Task directions ::
In this exercise, the entries below include pictures. Repeat exactly the lines from the line with "Two, you know" to the line with "This design is", including both, but without the pictures.

Records for the exercise ::
- - - - -

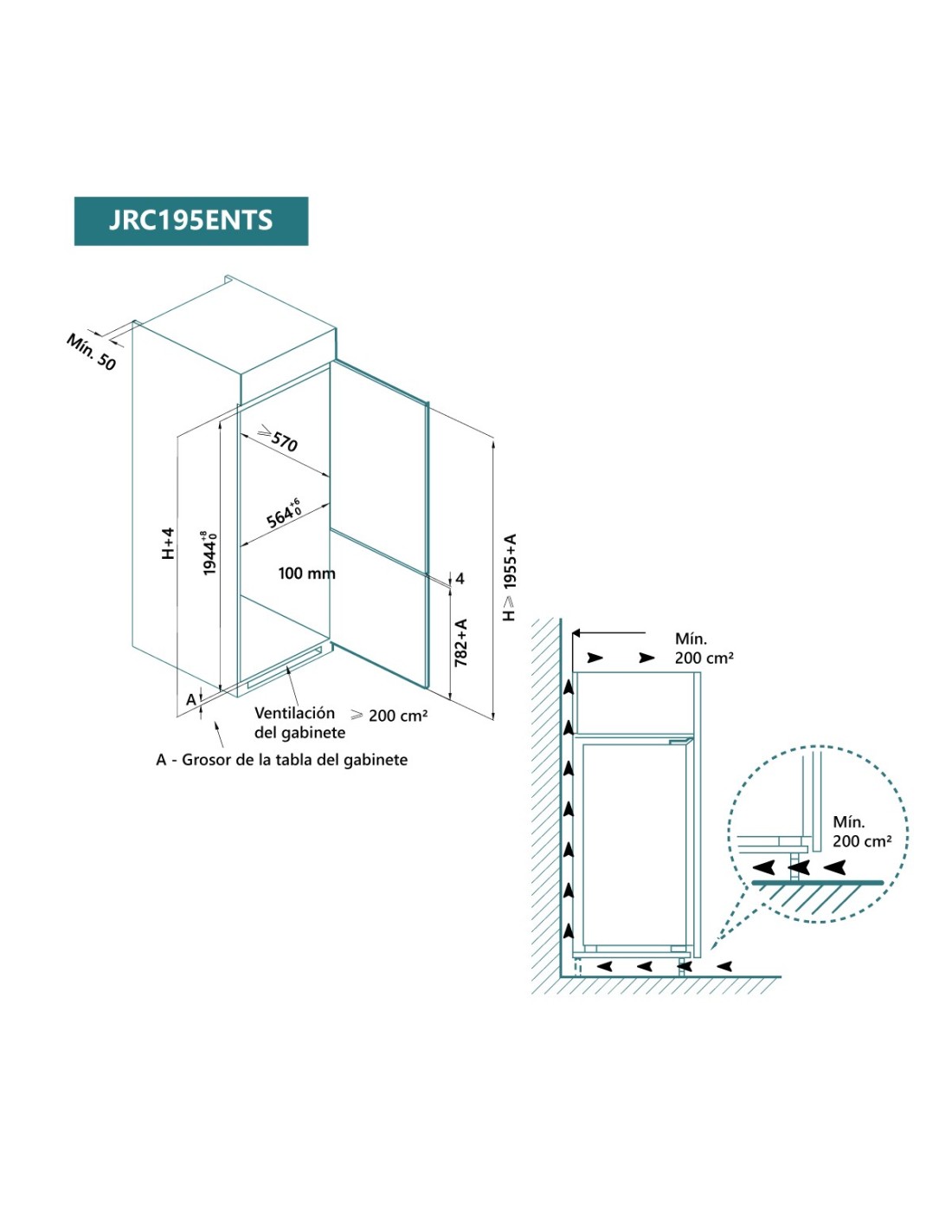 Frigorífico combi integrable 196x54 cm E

- - - - -

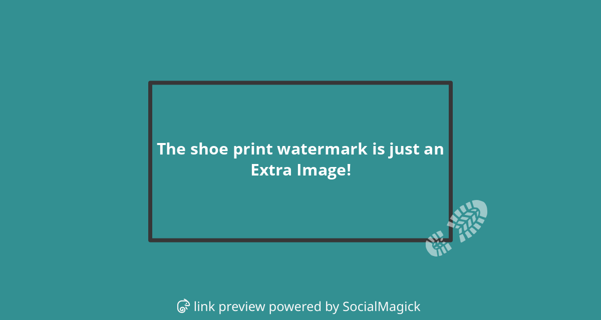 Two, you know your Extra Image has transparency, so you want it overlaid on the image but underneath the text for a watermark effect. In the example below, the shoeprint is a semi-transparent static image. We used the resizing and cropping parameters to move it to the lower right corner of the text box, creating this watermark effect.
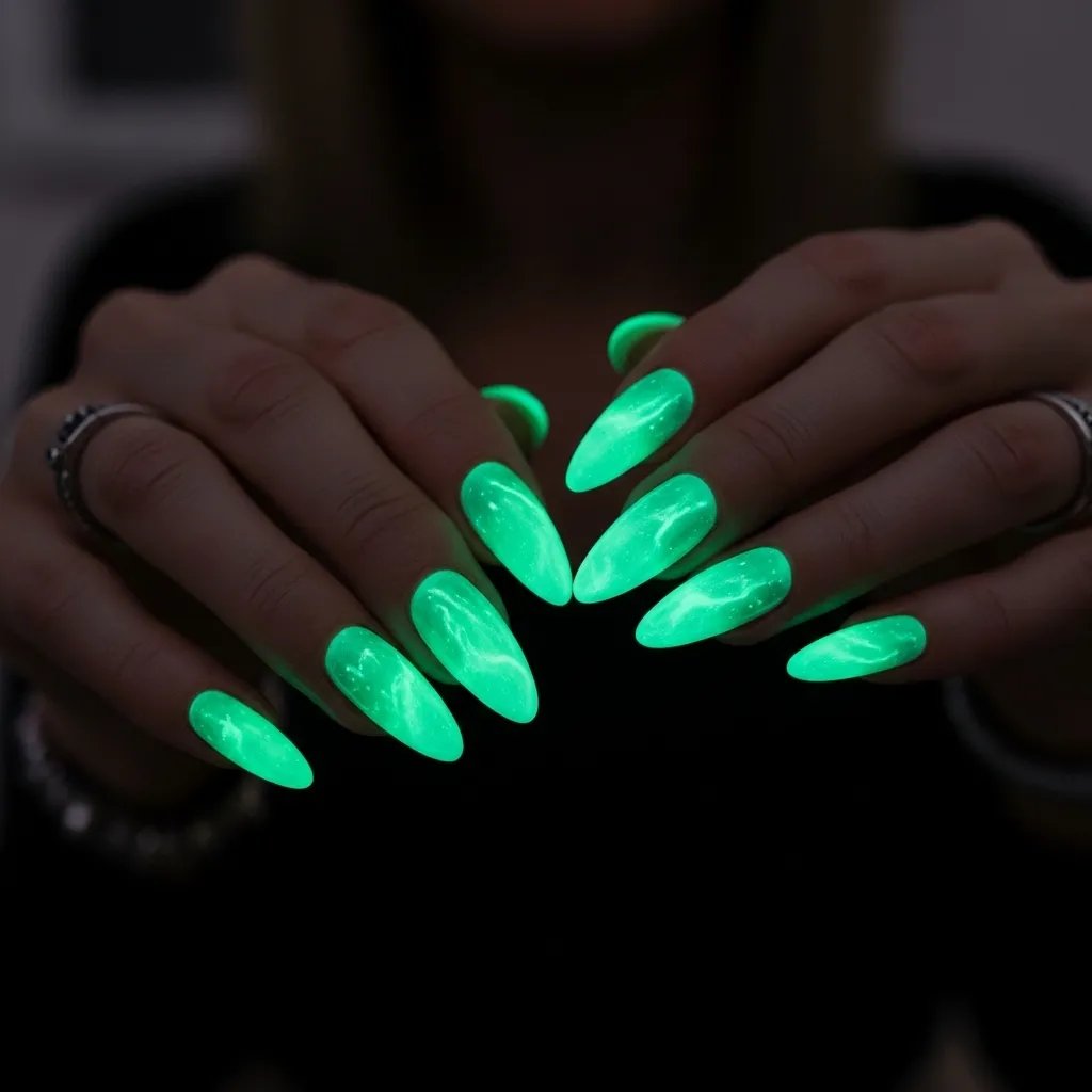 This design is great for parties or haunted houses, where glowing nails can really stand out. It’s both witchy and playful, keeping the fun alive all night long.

- - - - -

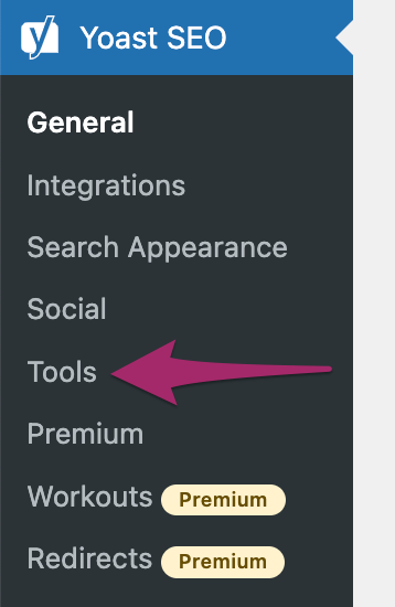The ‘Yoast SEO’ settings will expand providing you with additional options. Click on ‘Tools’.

- - - - -

Answer box ::
 Two, you know your Extra Image has transparency, so you want it overlaid on the image but underneath the text for a watermark effect. In the example below, the shoeprint is a semi-transparent static image. We used the resizing and cropping parameters to move it to the lower right corner of the text box, creating this watermark effect.
 This design is great for parties or haunted houses, where glowing nails can really stand out. It’s both witchy and playful, keeping the fun alive all night long.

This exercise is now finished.